**Prompt:**
Print the data verbatim. Leave every image out.

**Recorded data:**
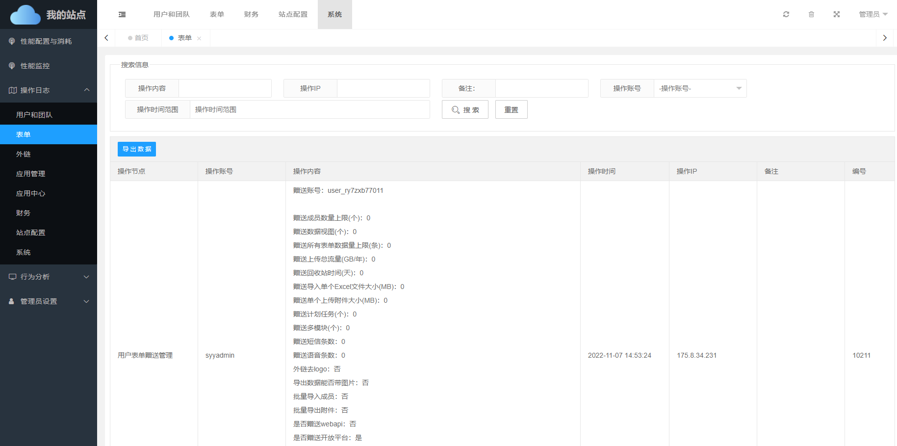 管理员对用户表单消耗配置可以进行对应的管理,其操作记录会记录在表单日志当中。
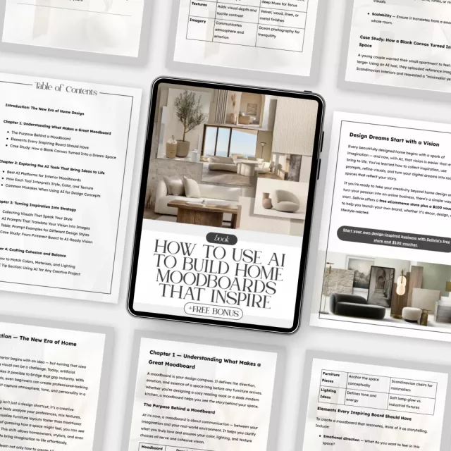 How to Use AI to Build Home Moodboards That Inspire | Digital eBook for Interior Designers, DIY Decor Lovers & Creators | Learn how to use AI to create home moodboards with ease
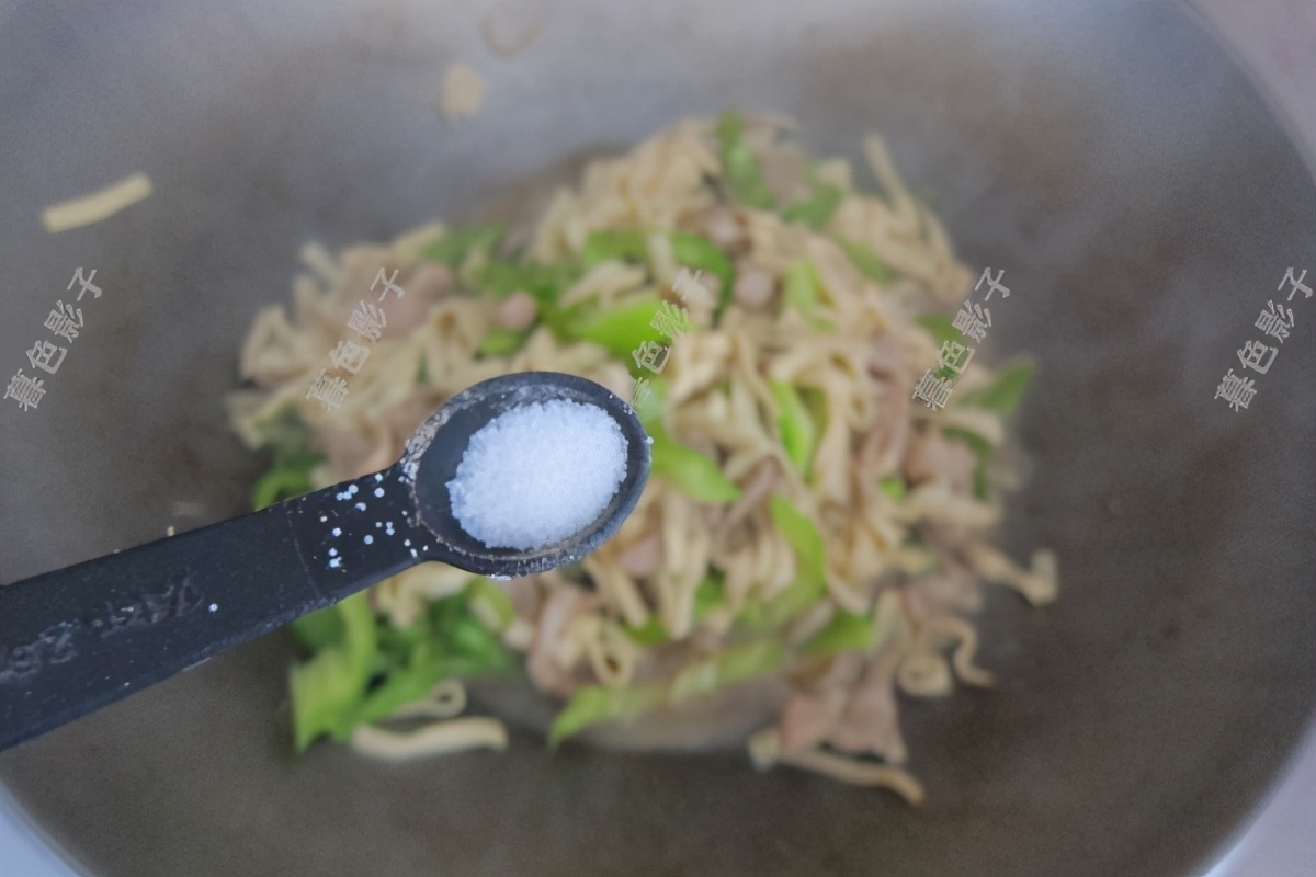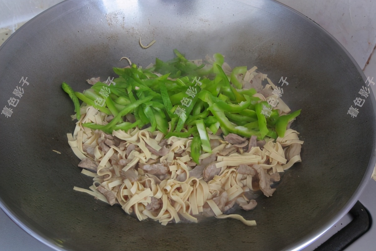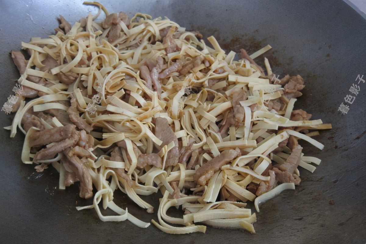 6干豆腐本身熟的不用炒得太久,混合下就行,小辣椒下锅翻炒变色即可。

**The completed task:**
 管理员对用户表单消耗配置可以进行对应的管理,其操作记录会记录在表单日志当中。
 How to Use AI to Build Home Moodboards That Inspire | Digital eBook for Interior Designers, DIY Decor Lovers & Creators | Learn how to use AI to create home moodboards with ease
 6干豆腐本身熟的不用炒得太久,混合下就行,小辣椒下锅翻炒变色即可。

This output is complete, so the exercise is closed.